Annales Geophysicae (Aug 2018)
Data mining for vortices on the Earth's magnetosphere – algorithm application for detection and analysis
Abstract
Unsteady processes in the solar wind–magnetosphere interaction, such as vortices developed at the magnetopause boundary by the Kelvin–Helmholtz instability, may contribute to the process of mass, momentum and energy transfer into the Earth's magnetosphere. The research described in this paper validates an algorithm to automatically detect and characterize vortices based on velocity data from simulations. The vortex identification algorithm (VIA) systematically searches the 3-D velocity fields to identify critical points where the magnitude of the velocity vector vanishes. The velocity gradient tensor is computed and its invariants are used to assess vortex structure in the flow field.
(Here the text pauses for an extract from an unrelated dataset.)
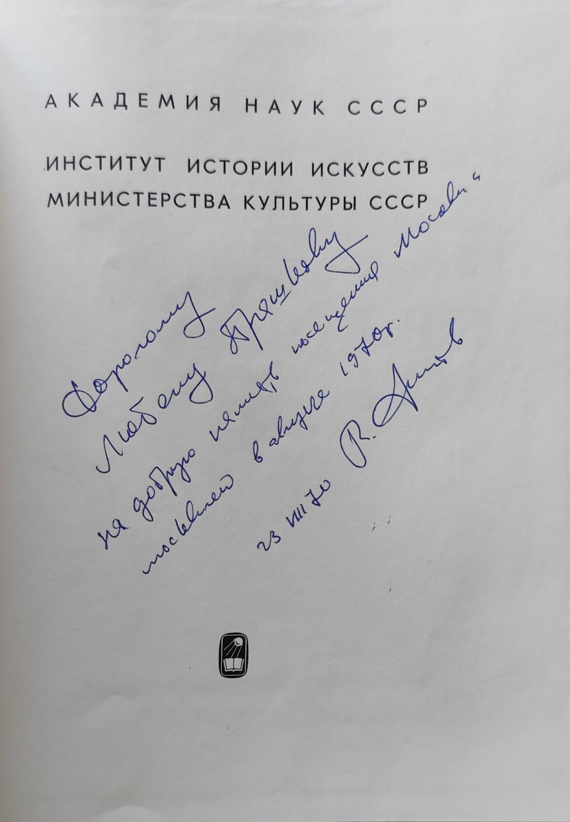 Описание : Дорогому Любену Прашкову на добрую память посещения Москви в августе 1970 г.

We use the Community Coordinated Modeling Center (CCMC) Runs on Request capability to create a series of model runs initialized from the conditions observed by the Cluster mission in the Hwang et al. (2011) analysis of Kelvin–Helmholtz vortices observed during southward interplanetary magnetic field (IMF) conditions. We analyze further the properties of the vortices found in the runs, including the velocity changes within their motion across the magnetosheath. We also demonstrate the potential of our tool to identify and characterize other transient features (e.g., flux transfer events, FTEs) with vortical internal structures. We find that the vortices are associated with flows on the magnetosheath side of the magnetopause that reach speeds greater than the solar wind speed at the bow shock.